CASE REPORT IN A PATIENT WITH OSTEOGENESIS IMPERFECTA

Abstract

Osteogenesis imperfecta is a genetic disease that is manifested by increased bone fragility, low bone mass and other manifestations of connective tissue. 85-90% are associated with pathogenic variants of the COL1A1 and COL1A2 genes and lead to defects in collagen type 1. Case report: 30-year-old female patient. Diagnosed nanosomia at 5 years old. MRI of the pituitary gland - empty cells, with an ectopic neurohypophysis. At the age of 12, a curvature of the lower legs was observed. She has blue sclerae, a triangular face. Several doses of growth hormone were given due to hypopituitarism. It prevented the occurrence of fractures.
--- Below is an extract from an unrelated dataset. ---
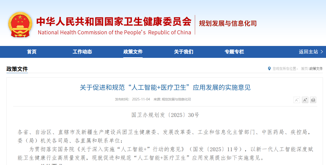 为贯彻落实国务院《关于深入实施“人工智能+”行动的意见》(国发〔2025〕11号),以新一代人工智能深度赋能卫生健康行业高质量发展,现就促进和规范“人工智能+医疗卫生”应用发展提出如下实施意见。
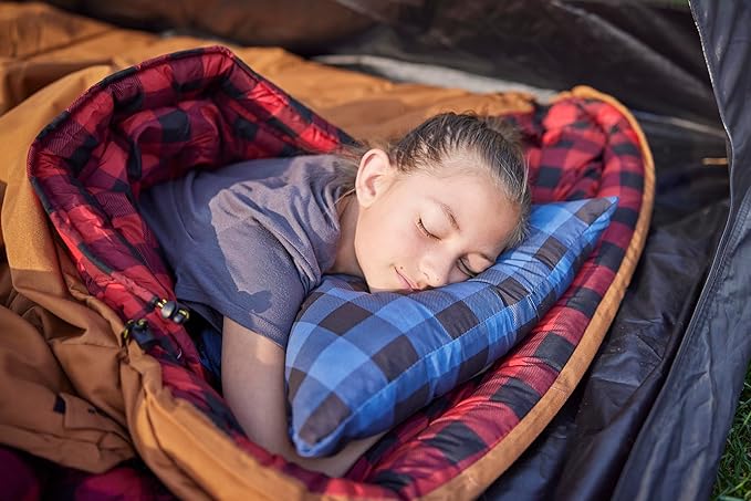 - Features a signature buffalo plaid print that's washable, and packs down tightly

In puberty, she got curvature of the lower legs (microfractures or insufficient deposit of calcium in the grown bone due to a mild form of osteogenesis imperfecta type 1). FRACTURES: Condition after a fracture of the right radius in the distal part and the styloid process of the right ulna conservatively resolved with plaster immobilization (2017 year), Fractura et VLC phalangis distalis digiti mani IV lat. dex., Contusio reg. phalangis digiti minimi l. dex.(2015 year), St post conquasatio dig. IV , V manii dex (2015 year), St. post fracturam radii part distalis (2014 year). Positive family history-cousin, nephews of cousin with osteogenesis imperfecta. DXA- Т score on vertebrae=-3.7; on left femur=-0.2; on right femur=-0.4. Discussion: Osteogenesis imperfecta should be considered in patients with frequent fractures. Conclusion: Bisphosphonate treatment reduces fracture rates. New antiresorptive and anabolic agents are being investigated, but the efficacy and safety of these drugs need to be better established.